▶ _Recorded information_:
■ ■ ■ ■ ■

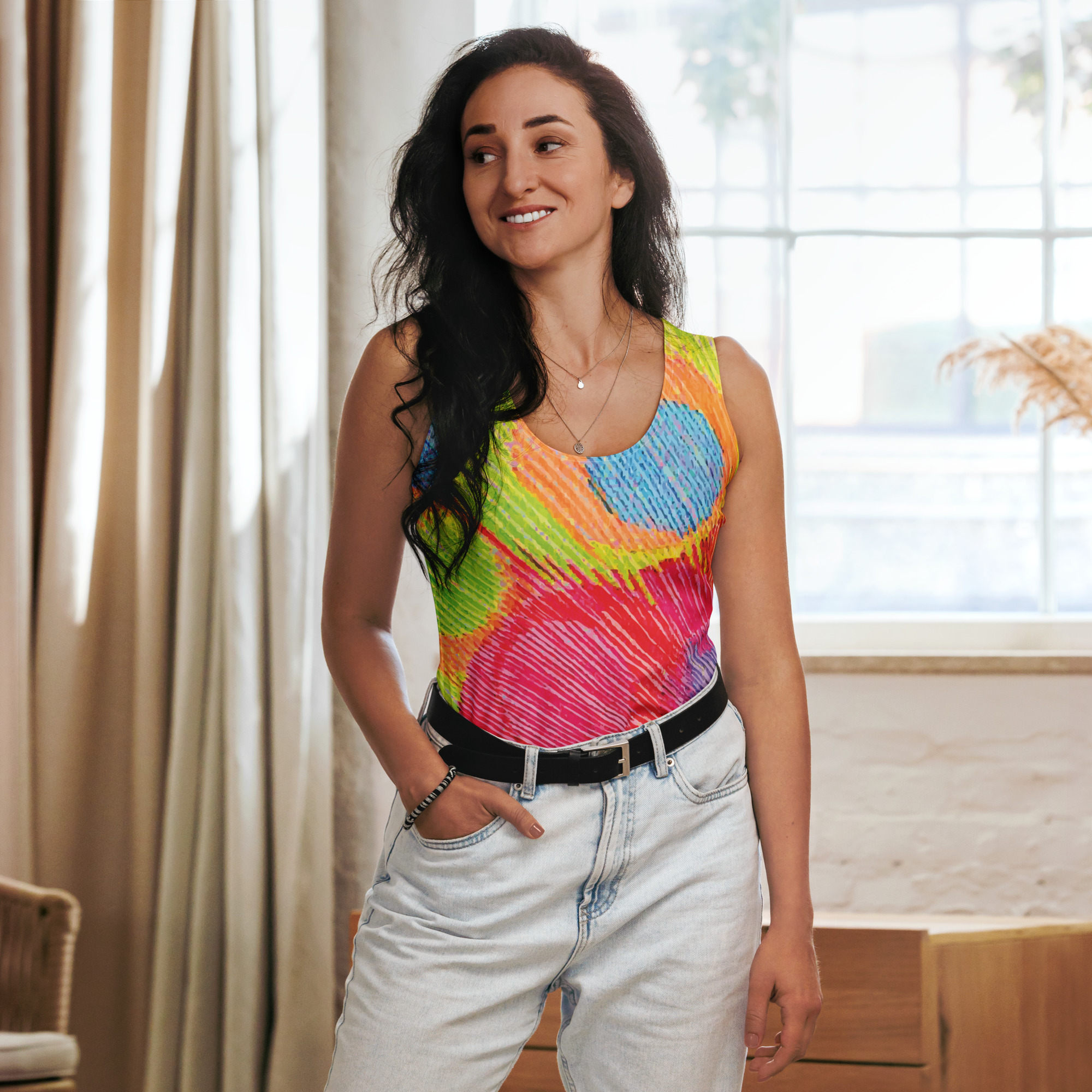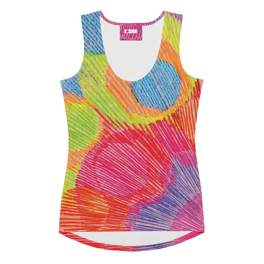Wear the pulse of joy with the Colour Echo tank top — a vibrant expression of energy, color, and fearless being. Featuring blooming rings that radiate from within, this lightweight and breathable top moves with you like a song of spirit in motion. Perfect for layering, lounging, or living out loud, it’s a wearable echo of your brightest self.
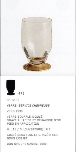アール・デコ期のドームのテーブルウェアは多種のフォルムがありますが、本品はChevreuseシュヴルーズと名付けられたフォルムのグラスです。
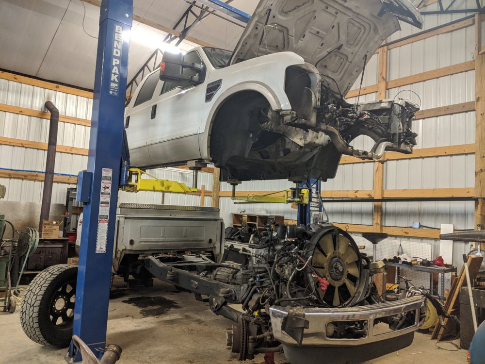 Oil pan gasket. I have no idea what or why he removed anything. My only presence was when he went to lift the cab, I wanted to be there so he didn't drop it on himself. He has tried really hard not to drag me into his project, and I appreciate that. I also made him these sweet Ford blocks:turbo? And can you leave the radiator installed, or did it have to come out?

■ ■ ■ ■ ■

Your reply should consist solely of the lines above, from the opening line through the line with "アール・デコ期のドームのテー", reproduced exactly and without pictures.

▶ _Completed exercise_:
Wear the pulse of joy with the Colour Echo tank top — a vibrant expression of energy, color, and fearless being. Featuring blooming rings that radiate from within, this lightweight and breathable top moves with you like a song of spirit in motion. Perfect for layering, lounging, or living out loud, it’s a wearable echo of your brightest self.
アール・デコ期のドームのテーブルウェアは多種のフォルムがありますが、本品はChevreuseシュヴルーズと名付けられたフォルムのグラスです。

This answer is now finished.